U.S. Secretary of State John Kerry meets China's top leaders on Saturday, April 13 in an effort to persuade them to exert pressure on North Korea to scale back its belligerent rhetoric and, eventually, return to nuclear talks, according to Reuters.
Travelling to Beijing for the first time as secretary of state, Kerry made no secret of his desire to see China take a more activist stance toward North Korea, which in recent weeks has threatened nuclear war against the United States.
As the North's main trading partner, financial backer and the closest thing it has to a diplomatic ally, China has a unique ability to use its leverage against the impoverished, isolated state, Kerry said in the South Korean capital Seoul late on Friday.
"There is no group of leaders on the face of the planet who have more capacity to make a difference in this than the Chinese, and everybody knows it, including, I believe, them," Kerry told U.S. executives.

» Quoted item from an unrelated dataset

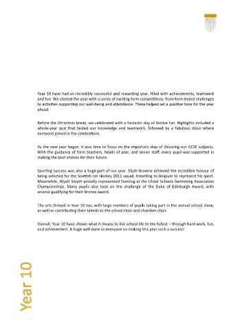 Year 10 have had an incredibly successful and rewarding year, filled with achievements, teamwork

"They want to see us try to reach an amicable resolution to this," he said. "But you have to begin with a reality, and the reality is that if your policy is denuclearization – and it is theirs as it is ours as it is everybody's except the North's at this moment – if that's your policy, you've got to put some teeth into it," he said.
Kerry is scheduled to see the top echelon of China's leadership on Saturday, including President Xi Jinping, Premier Li Keqiang and State Councilor Yang Jiechi, China's top diplomat who outranks Foreign Minister Wang Yi.